Wilkins is the author of Tips for Singers: Rehearsing, Performing, and Auditioning, They Raised Me Up: A Black Single Mother and the Women Who Inspired Her, Damn Near White: An African American Family’s Rise from Slavery to Bittersweet Success, and Melody for Murder: A Bertie Bigelow Mystery.

  • Career Highlights
    • Former faculty member at New England Conservatory of Music and Tobin Community School
    • Former lecturer at Emerson College, Emmanuel College, and Fitchburg State College
    • Author of Damn Near White: An African American Family's Journey from Slavery to Bittersweet Success
  • Education
    • B.M., Oberlin Conservatory of Music
    • M.M., Eastman School of Music

In Their Own Words

"Having gone to two major conservatories—Oberlin and Eastman—I learned how to survive in a really competitive environment. So I'm aware of what the students are going through here at Berklee. I've been a professional on the gigging scene in Boston since 1986 and in other places before that.
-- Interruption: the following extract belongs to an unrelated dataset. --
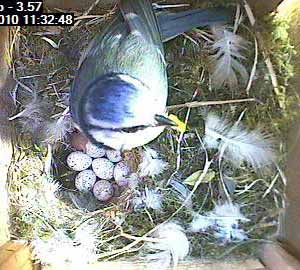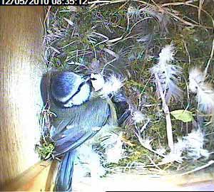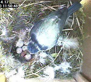 At last something seems to be happening! It is 8:35am and here is a picture of Rosie with a piece of eggshell in her beak.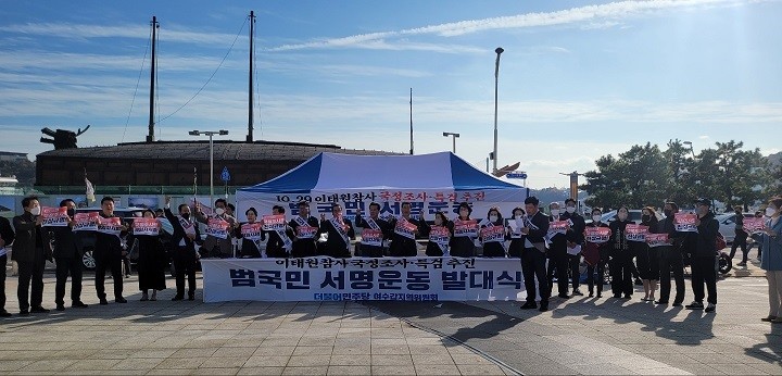 여수갑지역위의 서명운동은 주 중에는 1 인 피켓시위와 함께 출근시간 권역별로 진행한 뒤, 토요일과 일요일 이순신광장에서 운영된다.세계타임즈 / 양준호 기자 news@thesegye.com

I play the drums, the bass. I sing, I play the piano. I have to bring all that into the classroom because in an ensemble class, you're teaching a whole group of people, so you never know what tools you'll need. You bring your whole personality in there with you."

"In a Berklee ensemble, you get to play with the same group of people for 15 weeks in a guided situation in which you're continually being monitored and mentored. We all go out and play gigs on our own. I do that myself, and that's one level of learning. But the kind of feedback that you get from being in the ensemble can help you see the things that you do well, don't do well, and how you can improve them. It's an educational experience, not just jamming and getting together."

"I try to keep things informal but challenging, and very personal. By the end of the semester, I usually know each of my students pretty well. I try to push them but not in a way that makes them feel uncomfortable or picked on. We are on an undertaking together, and it's my job to try to bring out the best in them during the semester. We have ensembles at all different levels, and at each level there's a different expectation for the specific material. But I'd like the students to feel that they've not only learned about music at whatever level they're supposed to, but that they've learned something about themselves. On the surface, you're learning the songs, but you're also learning how to relate to other people, how to play with other people, how to handle people who might tick you off—you're learning about yourself and your own style of working."